At a glance
ClinicalIndex Comparison RecordStandardized by ClinicalIndex from the ClinicalTrials.gov record · verify against the source.
Treatment of Fragile-X Associated Tremor/Ataxia Syndrome (FXTAS) With Allopregnanolone
In Brief
A Phase 2 clinical trial evaluating Allopregnanolone for Fragile X-associated Tremor/Ataxia Syndrome. Completed, enrolled 6 participants across 1 site.
Detailed Summary
The purpose of this study is to examine the safety and efficacy of Allopregnanolone as a possible treatment for symptoms of Fragile X-associated Tremor/Ataxia Syndrome (FXTAS).
Study Details
Timeline
Interventions
Allopregnanolone is an endogenous inhibitory pregnane neurosteroid. It is synthesized from progesterone, and is a potent positive allosteric modulator of the action of γ-aminobutyric acid at GABAA receptor. Subjects will receive up to 12 infusions in the study.

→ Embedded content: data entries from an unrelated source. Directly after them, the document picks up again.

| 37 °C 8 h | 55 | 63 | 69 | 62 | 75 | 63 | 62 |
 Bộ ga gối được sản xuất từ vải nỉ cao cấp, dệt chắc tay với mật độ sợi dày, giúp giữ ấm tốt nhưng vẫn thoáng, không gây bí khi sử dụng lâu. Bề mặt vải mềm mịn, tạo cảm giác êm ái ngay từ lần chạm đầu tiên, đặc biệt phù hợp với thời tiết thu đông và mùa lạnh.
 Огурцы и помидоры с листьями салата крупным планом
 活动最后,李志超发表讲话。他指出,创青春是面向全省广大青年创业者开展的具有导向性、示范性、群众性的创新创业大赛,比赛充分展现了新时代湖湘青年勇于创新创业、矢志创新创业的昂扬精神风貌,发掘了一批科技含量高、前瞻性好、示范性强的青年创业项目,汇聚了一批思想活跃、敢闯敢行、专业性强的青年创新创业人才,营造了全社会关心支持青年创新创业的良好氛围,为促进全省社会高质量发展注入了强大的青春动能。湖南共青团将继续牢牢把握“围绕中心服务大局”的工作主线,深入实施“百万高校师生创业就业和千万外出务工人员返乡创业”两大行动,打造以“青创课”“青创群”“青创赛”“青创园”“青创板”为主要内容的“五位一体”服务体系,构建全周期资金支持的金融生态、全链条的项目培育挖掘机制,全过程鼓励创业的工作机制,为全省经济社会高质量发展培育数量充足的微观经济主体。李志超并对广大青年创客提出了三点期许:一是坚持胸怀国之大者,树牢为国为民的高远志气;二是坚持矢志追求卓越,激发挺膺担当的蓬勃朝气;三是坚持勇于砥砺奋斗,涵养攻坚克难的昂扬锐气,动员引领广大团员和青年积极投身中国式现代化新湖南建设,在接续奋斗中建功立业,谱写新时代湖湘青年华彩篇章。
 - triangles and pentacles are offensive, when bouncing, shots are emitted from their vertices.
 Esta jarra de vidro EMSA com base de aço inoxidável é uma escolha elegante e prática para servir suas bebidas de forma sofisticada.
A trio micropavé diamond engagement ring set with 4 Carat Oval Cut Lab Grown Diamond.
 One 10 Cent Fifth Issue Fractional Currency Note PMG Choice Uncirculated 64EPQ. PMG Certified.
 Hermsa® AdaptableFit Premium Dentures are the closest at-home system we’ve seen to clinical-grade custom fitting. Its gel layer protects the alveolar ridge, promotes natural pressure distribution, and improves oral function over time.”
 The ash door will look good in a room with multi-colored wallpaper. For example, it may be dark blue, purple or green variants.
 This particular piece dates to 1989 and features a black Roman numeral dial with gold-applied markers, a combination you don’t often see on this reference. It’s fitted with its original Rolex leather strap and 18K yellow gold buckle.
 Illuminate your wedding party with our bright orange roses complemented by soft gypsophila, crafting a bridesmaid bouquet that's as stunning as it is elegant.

Subjects will all begin with 2.0 mg dosage. If tolerated, the next infusion will be 4.0 mg, and if that is tolerated, the next infusion will be 6.0 mg. Subject infusions will remain stable at the highest dosage tolerated for the remainder of the study. Each infusion will consist of 2.0 mg, 4.0 mg, or 6.0 mg aliquots of the 0.5 mg/ml allopregnanolone in 6% sulfobutylether-β-cyclodextrin with 0.9% sodium chloride injection solution.